Ambient self-loathing. Gwen brought the ranger toward the RV. Heath swiveled her seat to face into the living space. “Get used to it,” she muttered.
nine
Rain and wear had removed visible traces of the blood, but the skid marks on the asphalt and two pieces of broken headlight assured Anna she’d left Bear Lake Road at the right place. An elk carcass wasn’t a subtle thing. She’d thought finding it wouldn’t be a problem. But then Rita Perry was a big woman, probably strong; maybe she’d felt the need to carry it farther back into the woods where visitors wouldn’t accidentally get so much as a whiff of it.
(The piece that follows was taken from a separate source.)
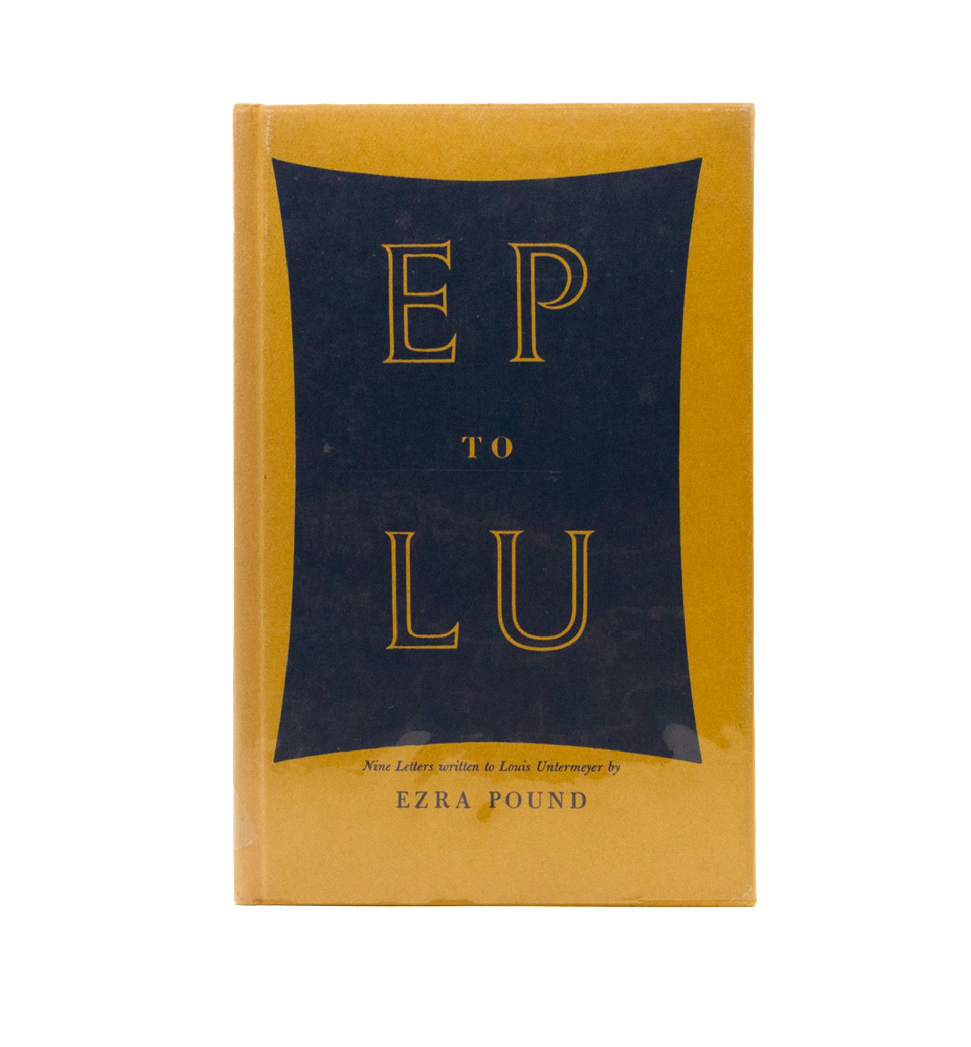 A selection of 9 letters from Pound to Louis Untermeyer, with reproductions of the originals. First & sole edition, mostly fine save spotting to top-edge, in the original acetate wrapper with two tape repairs to rear and well preserved. Gallup A81.
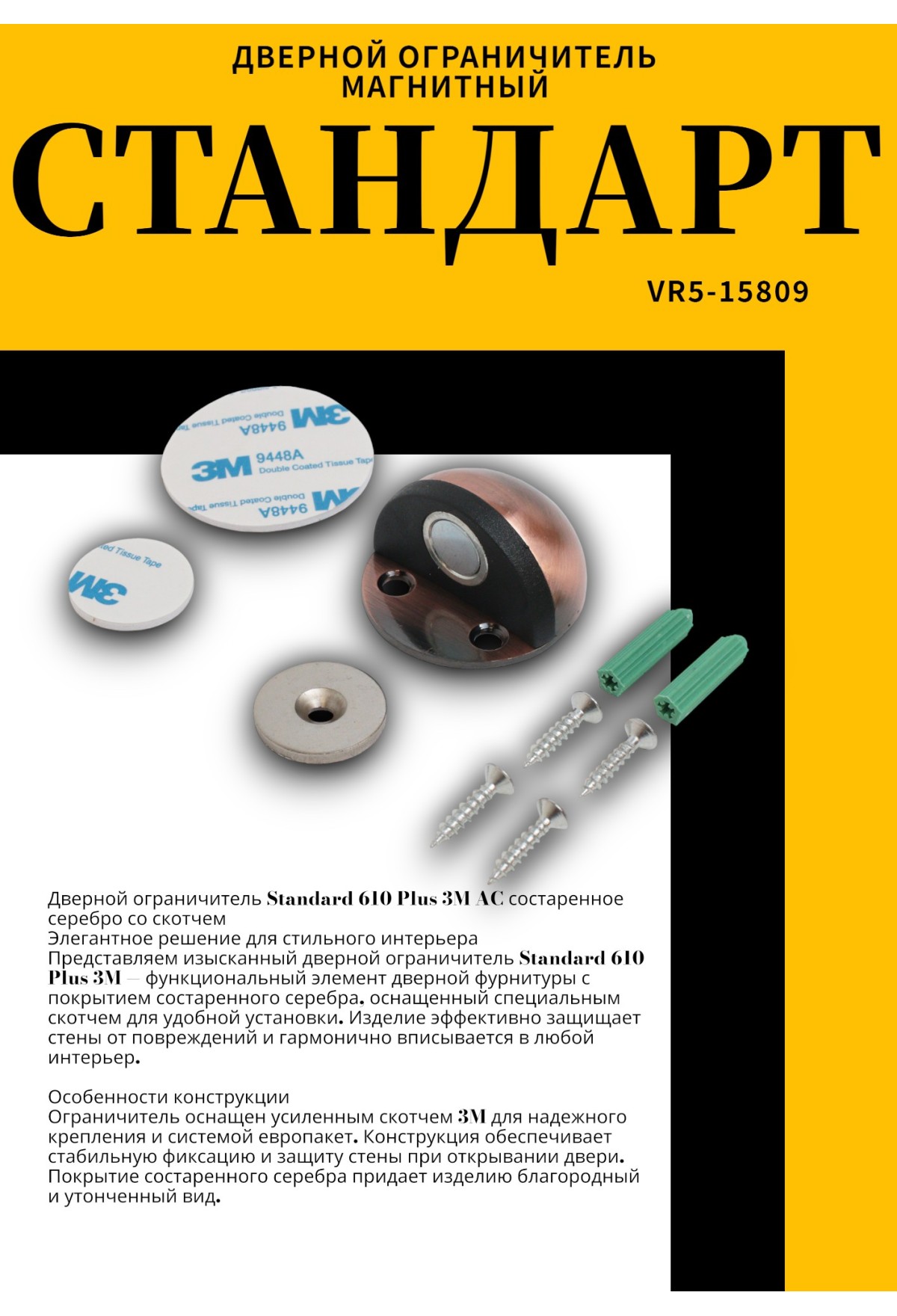 Представляем изысканный дверной ограничитель Standard 610 Plus 3M — роскошный элемент дверной фурнитуры с золотым покрытием, оснащенный специальным скотчем для удобной установки. Изделие не только эффективно защищает стены от повреждений, но и становится стильным акцентом в интерьере.

Every park had a way of disposing of animal remains that was idiosyncratic to its needs and the sensibilities of the superintendent. In Glacier in northern Montana, at least in the backcountry, carcasses were let lie and, knowing grizzly bears would be coming to clean the bones, area trails closed. On the southernmost district of Natchez Trace, when a deer was killed by an automobile, the body was taken to the Catholic orphanage in Port Gibson, where good, fresh meat was welcomed. In Rocky Mountain, where predators and motherless children were rare, the dead animals were simply dragged into the trees, out of sight, to return to the earth through the bellies of smaller omnivores.